§ **TASK DIRECTIONS**: Set down word for word each line from the one containing "式中,γ是樣品在溫度T下測得" through the end of the records, both included. Do not copy any pictures.

——————

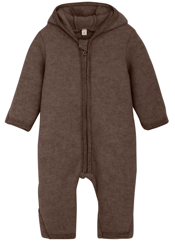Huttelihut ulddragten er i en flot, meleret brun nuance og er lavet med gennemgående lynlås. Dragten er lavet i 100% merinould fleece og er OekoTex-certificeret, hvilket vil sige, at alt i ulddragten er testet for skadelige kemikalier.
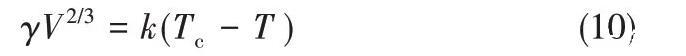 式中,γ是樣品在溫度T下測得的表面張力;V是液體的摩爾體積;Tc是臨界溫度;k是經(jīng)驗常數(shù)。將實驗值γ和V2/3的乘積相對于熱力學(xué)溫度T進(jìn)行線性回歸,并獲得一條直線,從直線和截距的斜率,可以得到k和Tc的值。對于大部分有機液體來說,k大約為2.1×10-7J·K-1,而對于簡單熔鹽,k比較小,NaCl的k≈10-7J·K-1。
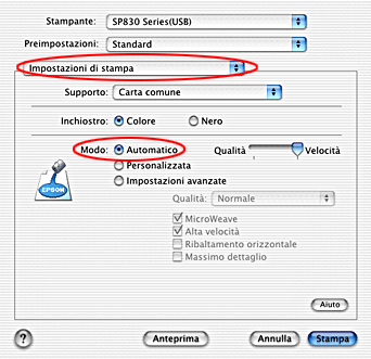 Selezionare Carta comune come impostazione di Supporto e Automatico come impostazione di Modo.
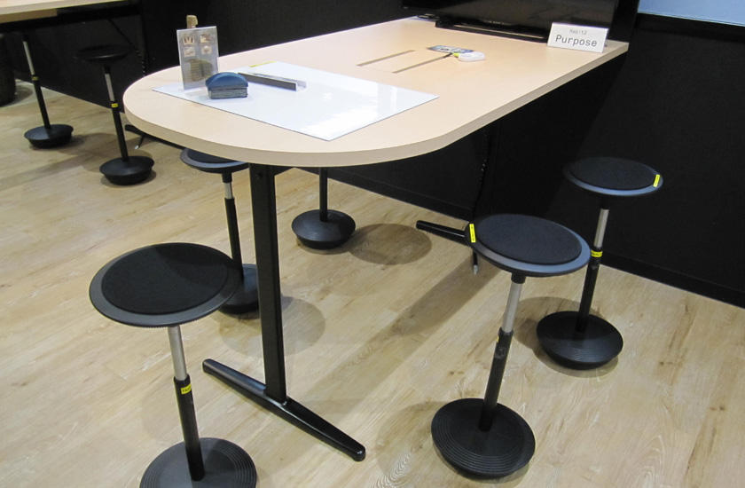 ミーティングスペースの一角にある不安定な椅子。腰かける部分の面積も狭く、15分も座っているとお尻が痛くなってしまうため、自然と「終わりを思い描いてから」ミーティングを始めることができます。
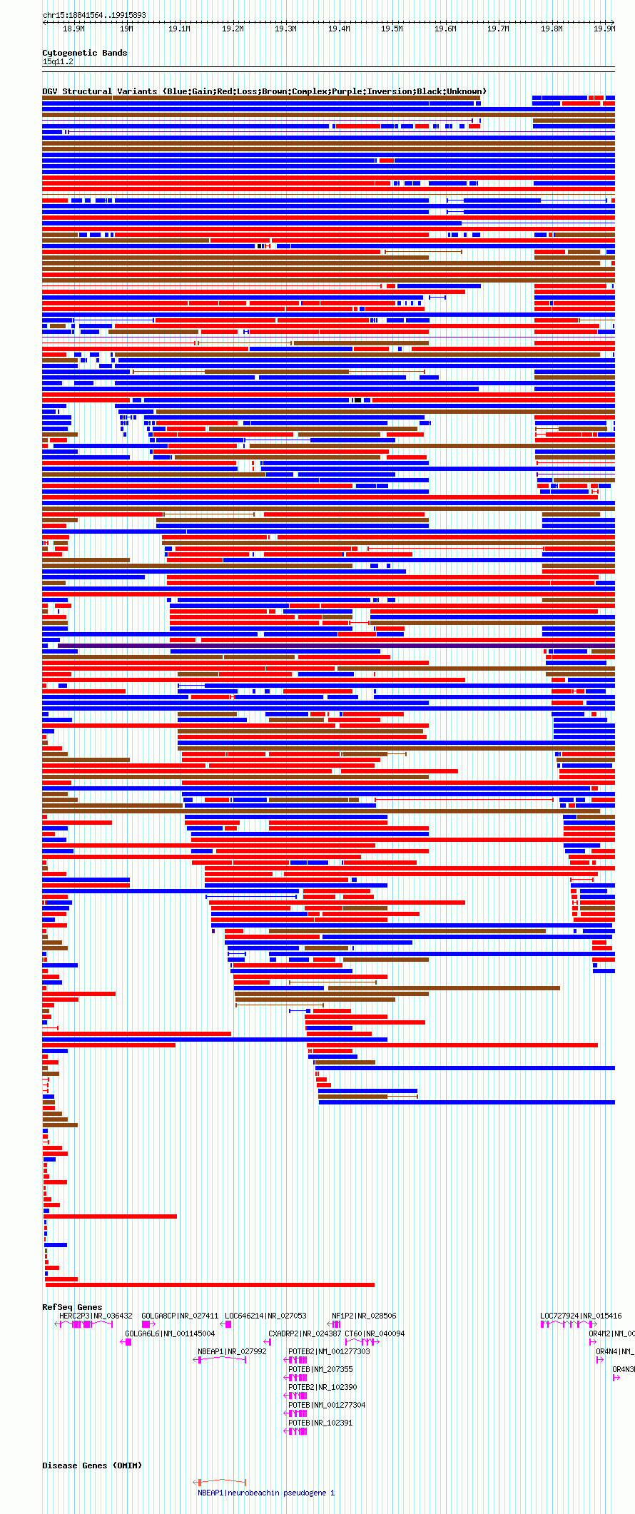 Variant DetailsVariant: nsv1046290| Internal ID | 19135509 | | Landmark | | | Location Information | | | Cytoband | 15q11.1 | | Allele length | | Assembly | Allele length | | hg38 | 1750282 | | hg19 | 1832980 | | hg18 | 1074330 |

——————

§ **WRITTEN RESPONSE**:
 式中,γ是樣品在溫度T下測得的表面張力;V是液體的摩爾體積;Tc是臨界溫度;k是經(jīng)驗常數(shù)。將實驗值γ和V2/3的乘積相對于熱力學(xué)溫度T進(jìn)行線性回歸,并獲得一條直線,從直線和截距的斜率,可以得到k和Tc的值。對于大部分有機液體來說,k大約為2.1×10-7J·K-1,而對于簡單熔鹽,k比較小,NaCl的k≈10-7J·K-1。
 Selezionare Carta comune come impostazione di Supporto e Automatico come impostazione di Modo.
 ミーティングスペースの一角にある不安定な椅子。腰かける部分の面積も狭く、15分も座っているとお尻が痛くなってしまうため、自然と「終わりを思い描いてから」ミーティングを始めることができます。
 Variant DetailsVariant: nsv1046290| Internal ID | 19135509 | | Landmark | | | Location Information | | | Cytoband | 15q11.1 | | Allele length | | Assembly | Allele length | | hg38 | 1750282 | | hg19 | 1832980 | | hg18 | 1074330 |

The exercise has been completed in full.